Basically, another proposal that we use a free-market system to cause spam to self-regulate. Let the advertiser risk some money with each message; if the recipient doesn't want the message, they keep the money. Imposes real cost on the sender, still lets them reach anybody who wants the message.

Very academic solution. Only people this would benefit is the DMMA, whose members are not (yet) spamming. Maybe the DMMA would actually be able to setup and run the missing infrastructure for this... Can't think of any other party who would benefit from doing it.

Eric Johansson, CAMRAM
http://www.camram.org/

An idea of using crypto-stamps (based on N-bit hash collisions) as part of a hybrid sender-pays system. Eric presented some ideas that lead to an incrementally deployed system that will grow into a nice "network effect" and speed adoption.

Peter Kay, TitanKey
www.titankey.com/mit

Basically a database, web interface, and policy enforcement module that allows users to set up multiple email addresses and change the policy on them as needed. For instance, create an address for the spam conference, give it out as needed. People use it. After a while spammers discover it, so the user changes the policy such that only past senders are allowed to use it henceforward. Change it back later, every day, as you like via web interface.

A very... dynamic... presentation. Policy is enforced based on envelope addressing, so the receiving MTA can reject before any data has been accepted. Policies can be very rich/complex. Allows for all kinds of parental and/or corporate control.

Eric S Raymond

CAN SPAM section 11.2 says the Feds should consult the IETF about spam labeling standards. But the IETF doesn't have any. ESR will soon post a draft, building on an earlier "MTA signposting" RFC by Carl Malamud.

ESR then went on at length about how SPF is a good idea. I still haven't read the handout.
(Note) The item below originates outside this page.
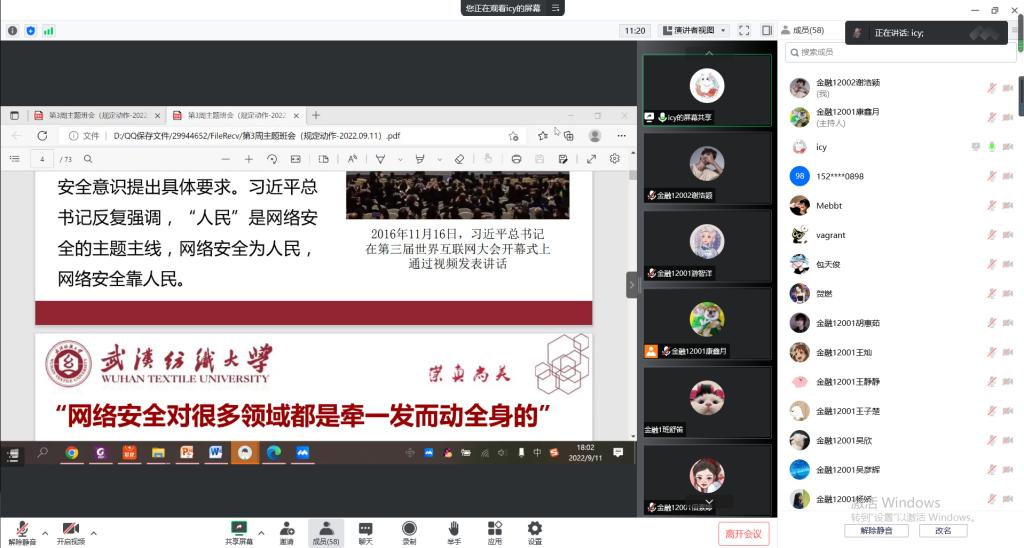 班会从学习习近平主席关于网络安全重要论述、《网络安全法》、《反电信网络诈骗法》、预防电信诈骗,共筑网络安全防线四方面展开,通过列举真实事例、引用法律法规、展示数据图表等方式让学生深刻理解网络安全及其重要性、电信诈骗的危害等内容。会上,学生积极发言,阐述自己对于网络安全的理解,并针对如何正确应对电信诈骗进行热烈讨论。

Not everyone in the crowd agreed with this conclusion, by the by...

Tonny Yu, mailshell

I didn't really follow very much of this presentation. Sorry.
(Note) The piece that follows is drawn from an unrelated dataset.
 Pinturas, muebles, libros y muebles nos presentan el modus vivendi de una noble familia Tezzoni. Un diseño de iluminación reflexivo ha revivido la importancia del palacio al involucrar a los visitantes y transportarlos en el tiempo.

Richard Jowsey, Death2Spam.net http://www.death2spam.net

This energetic and extremely tall New Zealander had at least a half-day of material on server/corporate-wide Bayesian filters, how to tune them, and how to adjust for feature/keyword drift over time. Jowsey once worked as an audio engineer of some sort, and had lots of interesting ways of looking at the mapping of features to spam/ham in terms of signal analysis.